Coalescing neutron stars as gamma-ray bursters?

Abstract

We investigate numerically the dynamics and evolution of coalescing neutron stars. The three-dimensional Newtonian equations of hydrodynamics are integrated by the “Piecewise Parabolic Method” on an equidistant Cartesian grid. The code is purely Newtonian, but does include the emission of gravitational waves and their back-reaction. The properties of neutron star matter are described by the equation of state of Lattimer and Swesty. Energy loss by all types of neutrinos and changes of the electron fraction due to the emission of electron neutrinos and antineutrinos are taken into account by an elaborate “neutrino leakage scheme.” We simulate the coalescence of two identical, cool neutron stars with a baryonic mass of ≈1.6 m⊙ and a radius of ≈15 km and with an initial center-to-center distance of 42 km.
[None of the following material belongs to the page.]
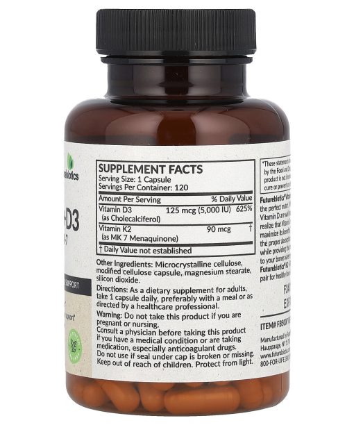 Vitamin K2 as MK-72 in 1 SupportSupports Strong BonesHealthy Cardiovascular SupportFree of Gluten and SoyDietary SupplementGMO Free – Lab TestedFuturebiotics® Vitamins K2 + D3 supplies the perfect match. While the benefits of Vitamin D are well known, many don’t realize that Vitamin D needs Vitamin K2 to maximize its benefits. This formula helps the proper absorption of calcium with D3, while providing the correct distribution to your bones where you need it most. Futurebiotics® K2 + D3 are truly the perfect pair for healthy bone & heart support.

The initial distributions of density and electron concentration are given from a model of a cold neutron star in hydrostatic equilibrium. We investigate three cases which differ by the initial velocity distribution in the neutron stars. The orbit decays due to gravitational-wave emission, and after one revolution the stars are so close that dynamical instability sets in. Within 1 ms the neutron stars merge into a rapidly spinning (P≈1 ms), high-density body (ρ≈1014 g/cm3) with a surrounding thick disk of material with densities ρ≈1010−1012 g/cm3 and orbital velocities of 0.3–0.5 c. In a post-processing step, the rate of neutrino-antineutrino annihilation is calculated from the neutrino luminosities generated during the hydrodynamical simulations. We find the integral annihilation rate to be a few 1050 erg/s during the phase of strongest neutrino emission, which is too small to generate the observed bursts considering the fact that the merged object of about 3 M⊙ will most likely collapse to a black hole within milliseconds.